Basically, the velocity profile of the electro-kinetic flow driven only by an applied electric potential should be shaped as a “plug”. But, Kim et al.[4]observed fast moving vortices in the depletion zone at the positively charged end of the nano-channel array in their hybrid micro/nano-channel chip. They noticed that the front of the depletion zone in the microchannel was like “meniscus” as driven by pressure. This parabolic concentration front in the microchannel was also observed and studied by Yu and Silber-Li[5]. These experimental results indicate that there is an induced pressure in the pure electro-kinetic flow. Jin et al.[6]presented a numerical model based on the Navier-Stokes equation and the Nernst-Planck equation to simulate the flow in a hybrid micro/nano-channel and found that an induced pressure did exist across the micro/nano-channel junction. The associated vortex flow and the induced pressure in the micro/ nano-channel junction were studied by several authors[7-9]. The vortex flows were visualized experimentally, but without the induced pressure distribution being observed in the nanochannel. It is extremely difficult to directly measure the induced pressure distribution in the micro/nano-channel. The present study focuses on the direct observation of this induced pre-ssure field, especially, in the nano-channel.
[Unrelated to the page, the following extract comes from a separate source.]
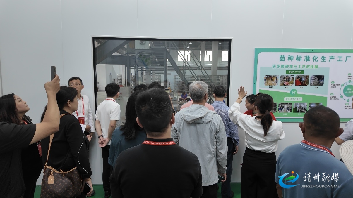 领导嘉宾、专家学者、科研院校及企业、协会代表等在茯苓菌种选育繁殖研发中心参观(孙文月 摄)
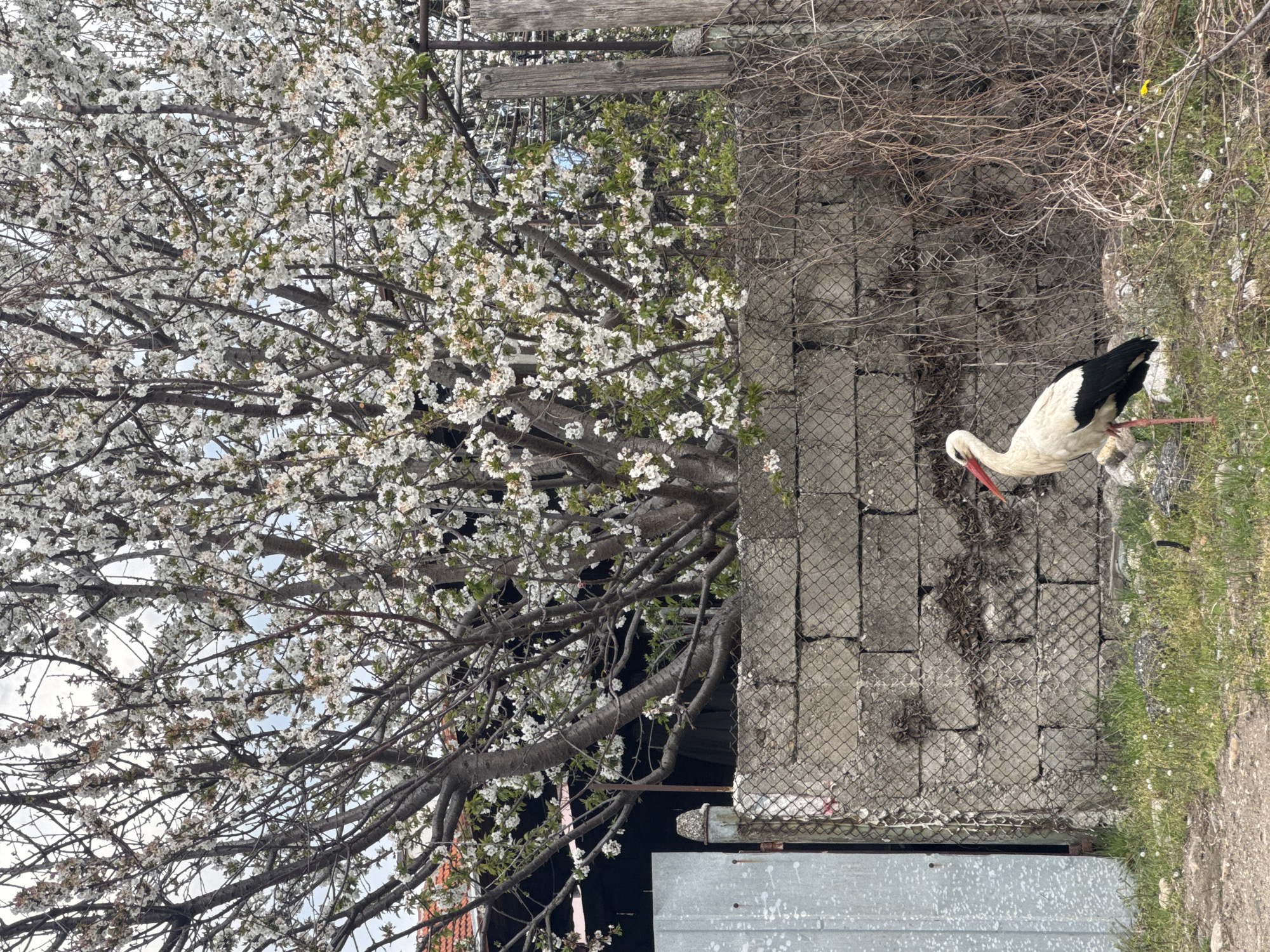 A white stork (Ciconia ciconia) stands on the ground next to a weathered grey concrete wall with a wire mesh screen attached. The ground is covered with dry vegetation and patches of green grass. A tree with white blossoms is visible to the left of the wall. A silver metal object is below the wall. The scene is situated in Porominovo, Bulgaria.

The propagation of the fluorescence in an array of nano-channels was observed in the present experiments. The observation results, as shown in Section 2, indicate that the propagation lengths in each channel of the nano array are different and an analogous parabolic front is established across the entire array. It is demonstrated that the induced pressure distribution at the micro/nano-channel junction drives the fluorescence propagation passing through the nanoarray. In Section 3, two hypotheses are proposed for analyzing the induced pressure based on the Navier-Stokes (N-S) equation and the Nernst-Planck equation, accompanying with the results of a transient 2-D numerical simulation. The last section is the conclusion.

1. Experimental apparatus and methods

1.1 Experimental setup

The experiments were performed on a fluorescent inverted microscope (Olympus IX71), equipped with a 10×/NA=0.3objective lens. An electronmultiplying charge coupling device (EMCCD, DV885) was used to record the images. A voltage source (HV1005) was used to apply the electric potential.
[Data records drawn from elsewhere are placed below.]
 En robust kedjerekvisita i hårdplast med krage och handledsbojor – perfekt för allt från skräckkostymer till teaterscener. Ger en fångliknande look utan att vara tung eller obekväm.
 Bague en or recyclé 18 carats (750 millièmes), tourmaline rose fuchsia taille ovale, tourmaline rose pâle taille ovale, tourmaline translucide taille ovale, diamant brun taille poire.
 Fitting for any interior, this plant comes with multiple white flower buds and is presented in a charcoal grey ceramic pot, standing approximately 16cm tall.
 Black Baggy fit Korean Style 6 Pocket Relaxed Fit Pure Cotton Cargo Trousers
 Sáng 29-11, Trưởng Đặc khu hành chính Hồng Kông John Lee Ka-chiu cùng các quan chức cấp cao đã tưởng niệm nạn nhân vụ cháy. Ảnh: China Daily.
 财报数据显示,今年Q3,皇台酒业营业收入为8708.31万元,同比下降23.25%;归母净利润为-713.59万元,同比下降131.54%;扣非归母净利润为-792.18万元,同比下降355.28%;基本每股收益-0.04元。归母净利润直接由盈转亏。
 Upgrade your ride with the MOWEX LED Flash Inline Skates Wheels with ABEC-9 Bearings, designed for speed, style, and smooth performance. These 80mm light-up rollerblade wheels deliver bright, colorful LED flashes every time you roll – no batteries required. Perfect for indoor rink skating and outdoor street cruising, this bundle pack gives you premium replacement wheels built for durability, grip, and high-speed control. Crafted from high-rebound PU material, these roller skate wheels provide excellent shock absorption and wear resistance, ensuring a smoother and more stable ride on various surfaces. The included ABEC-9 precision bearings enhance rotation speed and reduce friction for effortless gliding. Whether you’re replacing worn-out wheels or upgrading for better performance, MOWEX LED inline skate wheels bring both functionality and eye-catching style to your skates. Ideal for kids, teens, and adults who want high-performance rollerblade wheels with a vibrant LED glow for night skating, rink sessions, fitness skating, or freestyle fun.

Fig.1(a) A photo of the glass chip

Fig.1(b) Schematic diagram of the microchannel with a nanochannel array

1.2 Chip fabrication

A glass chip employed in the present experiment is shown in Fig.1(a). A schematic diagram of the nano-channel array connected with two micro-channel reservoirs is shown in Fig.1(b), where A-B and C-D are marked. The nominal size of the micro-channel is 40 μm×10 μm×0.02 m and that of each nano-channel is 4 μm×100 nm×200 μm (width×depth×length). The nano-channel bundle consists of 20 channels placed side by side in a linear array with a total width of 120 μm. The entire glass chip is produced by the Dalian University of Technology. (see Xu et al.[10]for details).

1.3 Reagents

The sodium borate buffer solution was prepared by using Di-water (Millipore company) at a concentration of 0.1 mM and a pH value of 9.2.

Two portions of this fluid were prepared. The fluorescence Calcein (an analytical reagent) was diluted into one portion of this solution at a mass concentration of 10 μM and filled into the A-B micro-channel at the beginning of the experiment. The other portion was filled into the C-D micro-channel. Compared with other experiments[4], in which both microchannels were filled with the fluorescence, in our experiment, only one micro-channel is filled with the fluorescence so that the state of the flow passing through the nano-channel array can be observed.

1.4 Experimenl procedure

At the beginning of the experiment, one portion of the sodium borate buffer solution with the fluorescence was filled into the upper micro-channel (A-B) and another portion of the sodium borate buffer solution without the fluorescence was filled into the bottom micro-channel (C-D). Platinum wires were then put into the reservoirs to provide the electric connection. A potential difference was then applied between A-B and C-D micro-channels (see Fig.1(b)) while C-D ends were grounded. The flow fields in the two micro-channels and in the array of nano-channels were observed with the EMCCD at 21 frames/s. The images were captured in sequence with an exposure time of 20 ms and an interval of 27 ms.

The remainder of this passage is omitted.